Nothing is needed except the lines below that run from the one with "Perfetto per le" through the one with "Tohsaka, одно дело", repeated exactly.

Records supplied:

* * * *

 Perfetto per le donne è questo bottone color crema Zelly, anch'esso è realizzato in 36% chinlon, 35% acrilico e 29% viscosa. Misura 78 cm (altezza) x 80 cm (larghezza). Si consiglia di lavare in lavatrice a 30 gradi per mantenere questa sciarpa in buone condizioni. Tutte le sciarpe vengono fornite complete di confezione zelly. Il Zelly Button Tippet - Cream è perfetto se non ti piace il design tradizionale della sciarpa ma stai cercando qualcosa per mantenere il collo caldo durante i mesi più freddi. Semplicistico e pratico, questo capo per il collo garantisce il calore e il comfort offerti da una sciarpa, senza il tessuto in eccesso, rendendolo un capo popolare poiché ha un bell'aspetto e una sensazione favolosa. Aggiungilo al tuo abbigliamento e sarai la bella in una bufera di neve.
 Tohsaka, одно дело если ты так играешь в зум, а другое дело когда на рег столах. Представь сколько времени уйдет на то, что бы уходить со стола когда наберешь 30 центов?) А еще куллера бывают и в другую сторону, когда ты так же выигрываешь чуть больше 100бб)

* * * *

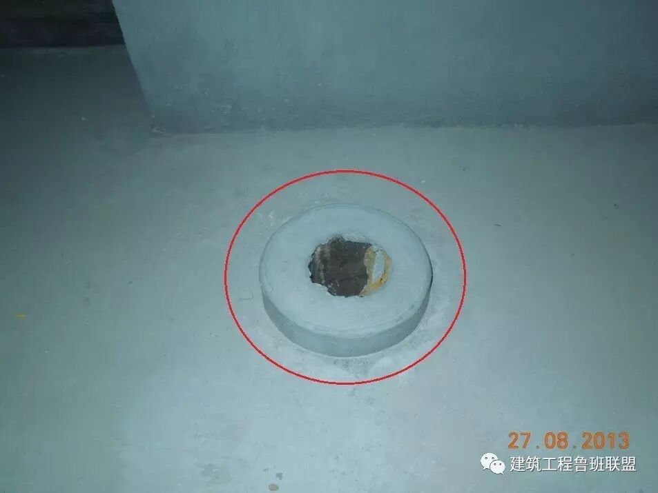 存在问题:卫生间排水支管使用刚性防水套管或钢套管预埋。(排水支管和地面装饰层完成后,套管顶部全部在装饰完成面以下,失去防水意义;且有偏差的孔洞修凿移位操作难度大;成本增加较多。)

* * * *

Task response:
 Perfetto per le donne è questo bottone color crema Zelly, anch'esso è realizzato in 36% chinlon, 35% acrilico e 29% viscosa. Misura 78 cm (altezza) x 80 cm (larghezza). Si consiglia di lavare in lavatrice a 30 gradi per mantenere questa sciarpa in buone condizioni. Tutte le sciarpe vengono fornite complete di confezione zelly. Il Zelly Button Tippet - Cream è perfetto se non ti piace il design tradizionale della sciarpa ma stai cercando qualcosa per mantenere il collo caldo durante i mesi più freddi. Semplicistico e pratico, questo capo per il collo garantisce il calore e il comfort offerti da una sciarpa, senza il tessuto in eccesso, rendendolo un capo popolare poiché ha un bell'aspetto e una sensazione favolosa. Aggiungilo al tuo abbigliamento e sarai la bella in una bufera di neve.
 Tohsaka, одно дело если ты так играешь в зум, а другое дело когда на рег столах. Представь сколько времени уйдет на то, что бы уходить со стола когда наберешь 30 центов?) А еще куллера бывают и в другую сторону, когда ты так же выигрываешь чуть больше 100бб)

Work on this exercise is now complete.